HHhmmm might have to shave a little more often from now on lol



MatrixGuy said:


> Forgot to ask, how much is the Brabus up for sale for?


The sign in the window says POA  but to give you an idea you buy the car and then spend almost as much again on the standard package, personal touches push the price up even further



cheekeemonkey said:


> Great work Jon and Damon - that certainly has some presence!
> 
> Lovely detail and great finish - seems that once again ONR comes up trumps!
> 
> ...


Tis London



Bigpikle said:


> Thanks Jon for the write up and thanks all for the comments :thumb:
> 
> Another hugely rewarding day on some great machinery. Nothing like having the Brabus started up while your working on the rotary next to the engine bay


Got to be my fav moment, a potential buyer checking the car out while were polishing away.

Thanks all for your comments


----------



## Paul-T (Nov 2, 2006)

That looked mint, top work fella's. 

How did you get on with actually working in the showroom? I sometimes find it a bit awkward, a bit of dust floating about and with the noise of a rotary (or two) going, Porsche Bristol weren't impressed when Andy Mearns and I were trying to work on the 959. 

Either way, a rare and imposing monster of a car, and I for one love that interior!


----------



## Epoch (Jul 30, 2006)

Shine On said:


> That looked mint, top work fella's.
> 
> How did you get on with actually working in the showroom?

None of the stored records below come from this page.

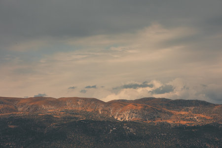 A rugged mountain range rises under dramatic layered clouds, creating a moody and atmospheric natural landscape.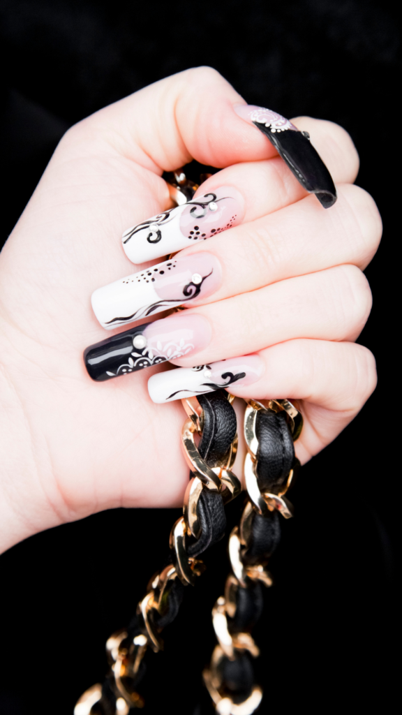 This design combines black and white with intricate patterns, giving each nail a unique touch. Rhinestones add a bit of sparkle, making this look bold and sophisticated.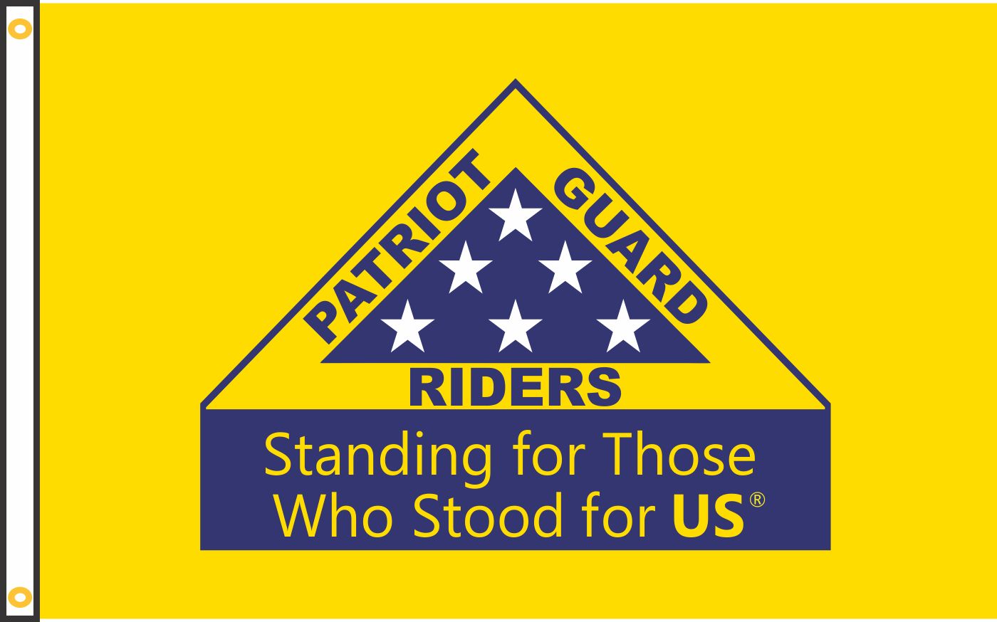 We are proud to offer this Patriot Guard Riders "Standing for Those Who Stood for Us" Flag. This flag measures 3' x 5'. This flag is made out of nylon, is single sided, and has grommets. This flag is for Parade use only. This flag is NOT designed for high speed use.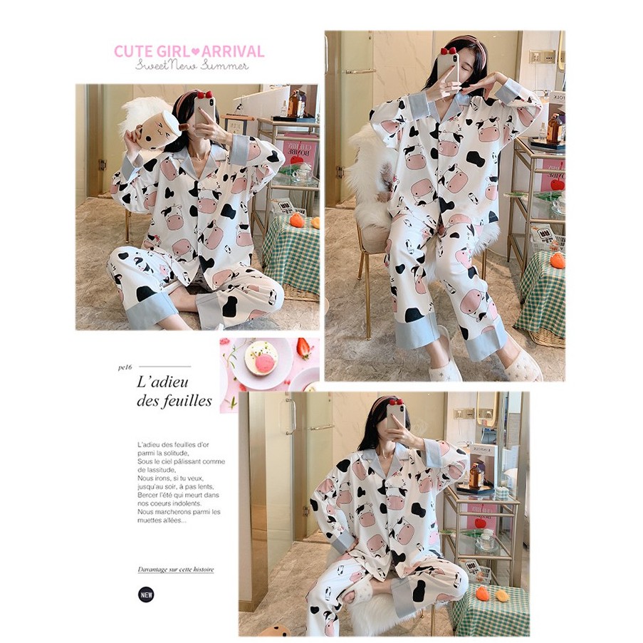 Bộ pijama lụa kate thái bộ mặc nhà mềm mại và mượt mà dễ thương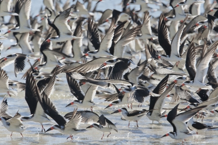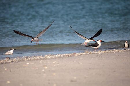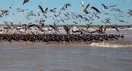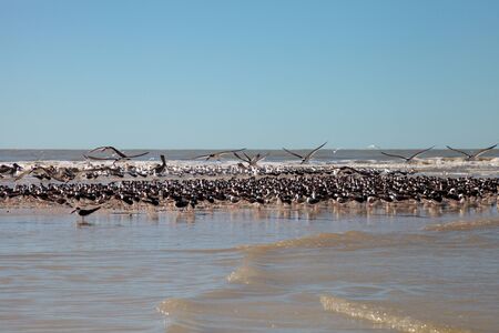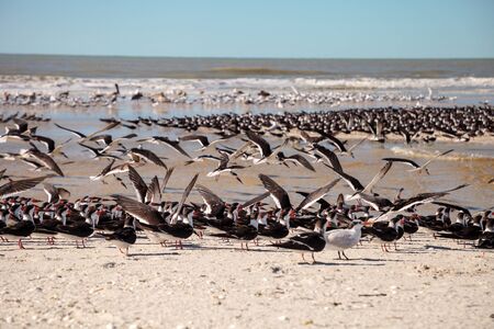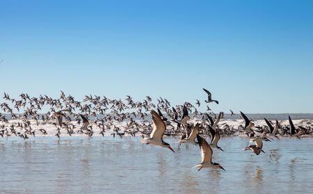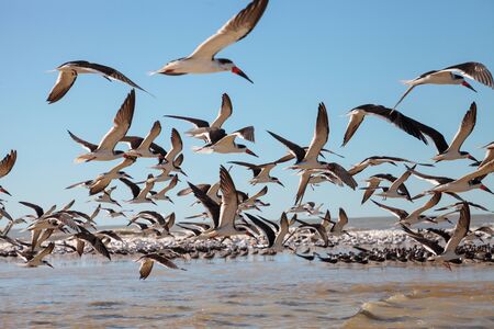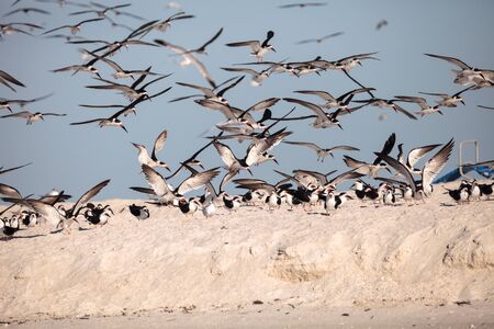 Flock of black skimmer terns Rynchops niger on the beach at Clam Pass in Naples, Florida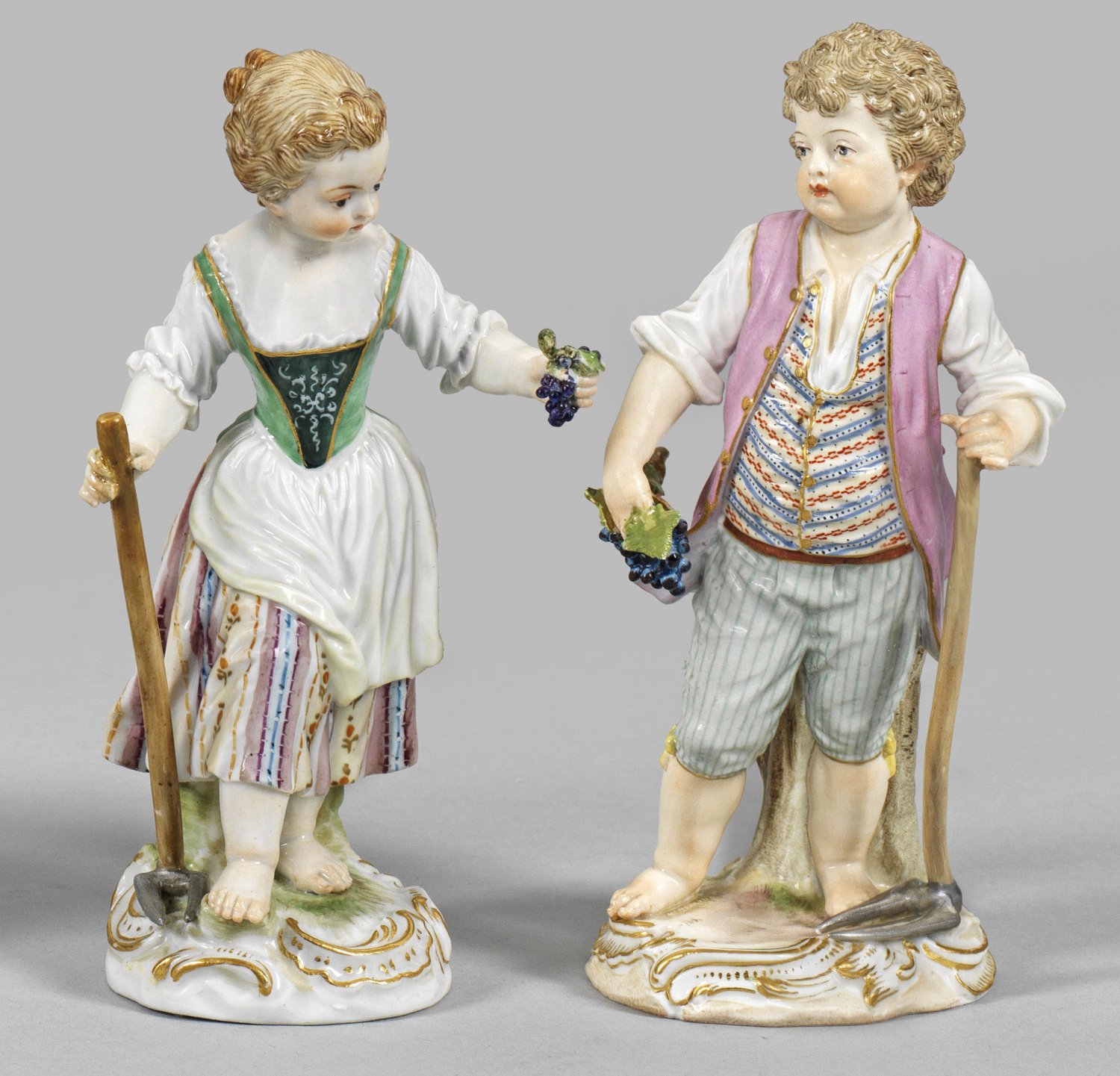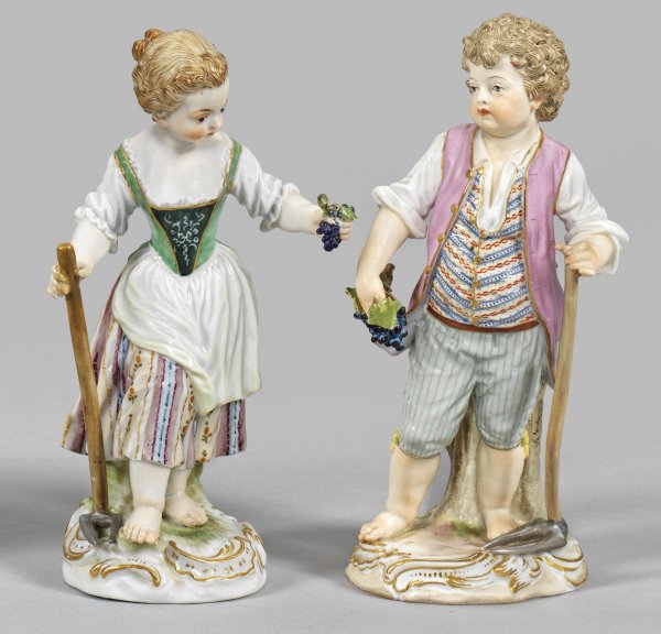 Auf rocaillereliefiertem Sockel stehendes Mädchen bzw. Gärtnerjunge, in den Händen Trauben bzw. eine Gartenhacke haltend. Feine polychrome Malerei mit Goldstaffage. Entw. Johann Joachim Kaendler. Modell-Nr. 13 und 13x. Minim. best./rest.; Schwertermarke. H. 13 cm - 13,5 cm.

I sometimes find it a bit awkward, a bit of dust floating about and with the noise of a rotary (or two) going, Porsche Bristol weren't impressed when Andy Mearns and I were trying to work on the 959.
> 
> Either way, a rare and imposing monster of a car, and I for one love that interior!


Thanks Paul,

Air conditioning while working behind glass on a black car, wearing dark clothing on a sunny day was a god send.

We also had a lot of admirers through the window (Could have been the cars i suppose) and a few visitors to look at the car, but we did OK.

I dusted down the 599 and gave it a wipe over with DJ RM Tropical out of respect to some of the dust on it we may have created, but as we were only really using lighter well lubed polishes it was reduced significantly.

Four exhausts beat two rotaries in the noise stakes a couple of times

Agreed on the interior, it suits the car and mods very well IMHO


----------



## Finerdetails (Apr 30, 2006)

stunning work guys, well done


----------



## Bigpikle (May 21, 2007)

One of the biggest issues in the showroom was some tight work space in a couple of places, due to the sheer size of the car and the shape of the showroom. It was also in full sun at the front for most of the morning. The polishes we used didnt create very much dust at all, which was part of the reason for using them, and we had a plan for 'clean working' through the day to minimise any issues. The floor was a cut stone and avoiding any product getting onto the floor was also a priority. It actually worked very well and the 'special treatment' the car was getting seemed to attract more positive interest than any issues 

The interior look less extreme in person, as the flash has illuminated the red sticking and made it much more obvious in the pictures than it is in real life. The first time i got in this last week I didnt even notice the red stitching... There are far too many other screens, buttons, pieces of CF etc that its only when you start to get used to it that you see more of the detail. The quality of the work is incredible.


----------



## PaulN (Jan 17, 2008)

Wow! You guys dont mess about do you.... :thumb:

Cheers

PaulN


----------



## Baker21 (Aug 7, 2007)

You guys are very, very lucky!!! 

Fair play and a obviously a credit to you both for the work that you complete............:thumb:

I'm not jealous at all...............


----------



## colarado red (Jun 5, 2008)

awesome motor awesome work:argie::argie::argie::thumb:


----------



## Leemack (Mar 6, 2009)

Wow wow wow.

Superb - Thanks for posting that porn :thumb:

Good work guys


----------



## ads2k (Jul 12, 2006)

Simply stunning is the only word for it lads :thumb:, amazing finishing to what is a monster of a car. And hearing Damon tell me while he was polishing the wing that they started the engine was priceless - good job you've got a steady hand mate and are used to these loud and noisy cars now :lol: at least you didn't jump........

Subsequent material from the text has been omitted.